Has any one seen this before or have it on their car? Right now I have my ps2 sitting under the seat and it is not very stable. How do you make this bracket or where do you buy it?


----------



## 1CLNB14 (Apr 30, 2002)

Looks custom to me...


----------



## SentraXERacer (Oct 7, 2002)

I e-mailed the guy and he told me that he made it himself. This is what he said exactly: 
"yea i made it, i glued a piece of plexiglass onto the back of the playstation and created the bracket outta 45%slotted sheet metal. Like glaziers use. Hope thats some help to you

mike"
I really want a bracket that isnt permanent. I noticed that there are a couple of small screw holes in the back that could be used to mount it. Someone should design one and sell it. I would buy one since I dont have any experience in working with fiberglass or anything like that. Should be an easy project for someone that knows that stuff. Any help?


----------



## 1CLNB14 (Apr 30, 2002)

I'm going to mount mine in the glove box. It will be removable.
Not sure how we are going to do it though...


----------



## SentraXERacer (Oct 7, 2002)

B-13 glove boxes are way to small. It wont even properly hold the plastic case that the manuals came in. If I had enough space in the glove box I would put foam blocks under and on top of the ps2. I cant try anything right now though. I flipped my b-13 this morning. It was on its side in a ditch after I had a close call with a brown pickup. The f***ing guy just drove off to even after I flipped, he didnt even stop to see if I was alright. I had to climb outside the passenger door. The police are searching for him as we speak. Sentras suck in the snow.


----------



## san_fran_b14 (Oct 25, 2002)

yeah i'd like to put mine on my car too...but i dunno if i wanna glue something to it.


----------



## SentraXERacer (Oct 7, 2002)

That is exactly what I felt when I read his e-mail. (no way am I gluing anything to it) I also saw someone on cardomain that has a ps2 fiberglassed into this box under the seat. It looks nice and he said that he can slide it out by unclipping 2 clips and disconnecting the plugs. I guess b-13s weren't exactly designed with audio/video upgrades in mind. (What the heck is up with 4x6 speakers?) I managed to blow those with the stock Clarion HU.I wish I had a few grand that I could use to ship my b-13 off to West Coast Customs to have a custom setup installed. Apparently they do some nice work.

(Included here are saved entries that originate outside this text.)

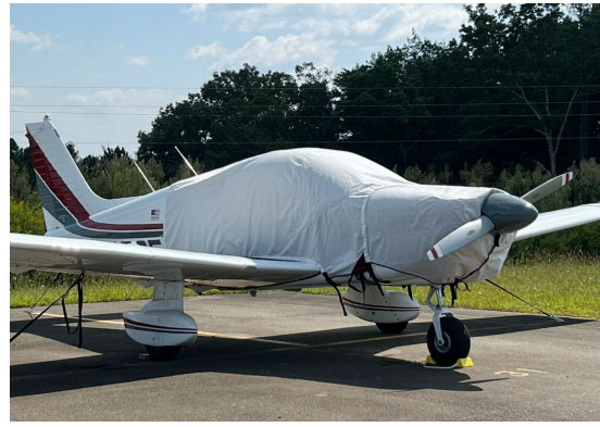
Piper PA-28-181 Extended Canopy Cover & Engine Cover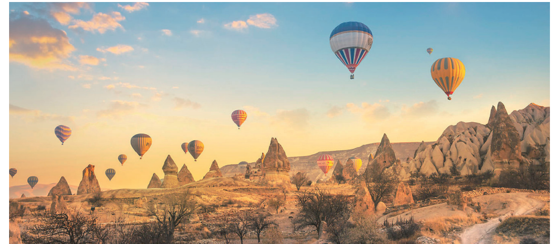
Ballooning is a popular activity to get a bird's-eye view of the fairy tale-like landscape of Cappadocia.

Today, Turkey and Japan enjoy strong and friendly relations in all fields. We share similar ideals, common values and like-minded approaches toward global issues. The strategic partnership between our countries has been further consolidated by our President H.E. Recep Tayyip Erdogan's recent visit to Japan on Oct. 7 and 8. Turkey is willing to engage Japan in her 2023 Vision that envisages a population of 80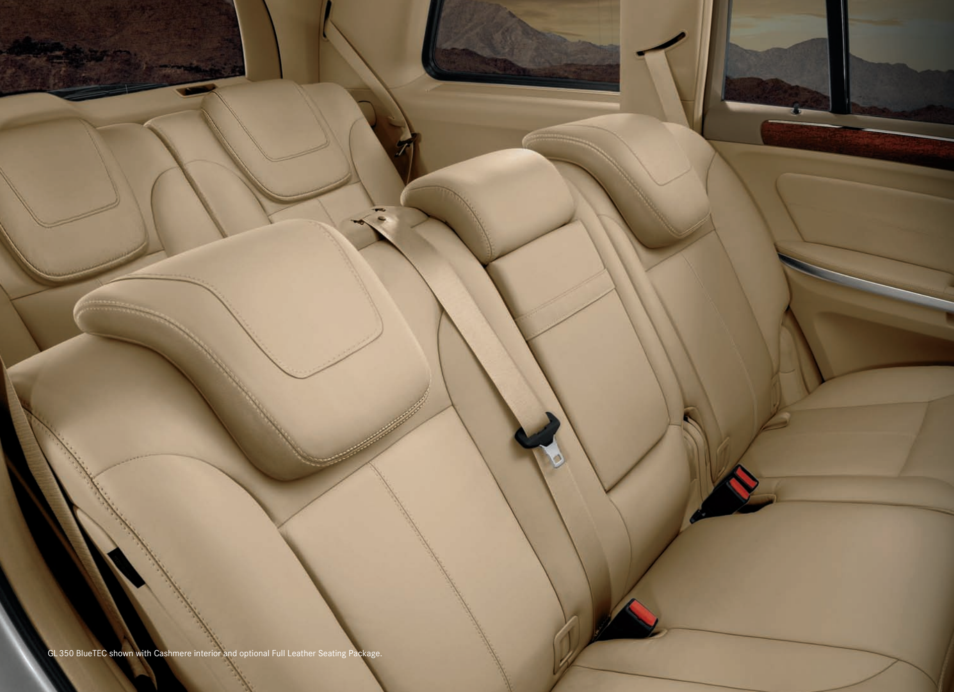
GL 350 BlueTEC shown with Cashmere interior and optional Full Leather Seating Package.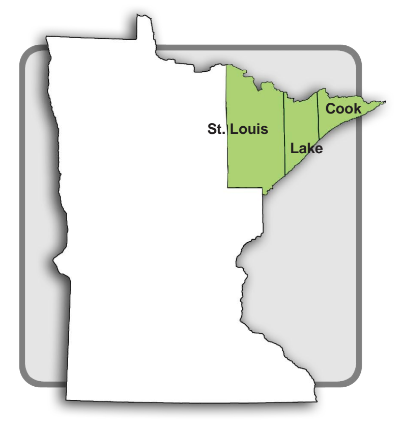
Table 1. Breakdown of monitored and<br/>unmonitored coastal beaches by<br/>county for 2007.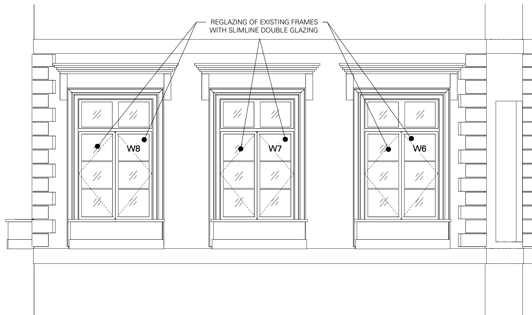
1 PROPOSED SOUTH ELEVATION 1 : 50

This drawing has been produced for the below named Client for the development of the below named Project and for that application alone and is not intended for use by any other person or for any other purpose. Drawings remain copyright of RAFT and may not be reproduced without written consent or licence. Do not scale off this drawing. All dimensions and levels to be checked on site or measured survey before starting work. Any discrepancies to be reported to architects before execution of relevant works. Read with other drawings and specification.

It would be nice to have a touch screen tv that controls all electronics sitting flush in the steering wheel!


----------



## san_fran_b14 (Oct 25, 2002)

if i do put my ps2 on my car, it will be on a custom box/case with additional cooling, placed either in the back or underneath the seat. and the monitor is hidden in the glove box with custom controller ports either on the glove box or on the center of the dash


----------



## dry (Oct 21, 2002)

mines gonna be chopped up and the CD in is gonna be under my CD player in that little hole... the rest will sit behind that not visable to anybody in a custom case w/ plenty of PC fans cooling it down...


----------



## san_fran_b14 (Oct 25, 2002)

that's possible. but i'll wait till the newer ps2 drops to $99. can't do it on my ps2 at home. got it when it first came out.


----------



## Teknokid (Jun 1, 2002)

Thats why you go out and get a used PS2 or you go to electronics stores and buy an opened box one. They are cheaper than the regular ones and I think you get a better deal. I bought one a week ago to put in my car and i paid $179.99 for it, and paid $20 for a 2 year free replacement no questions asked warranty. It came out to about $216 or so with tax.


----------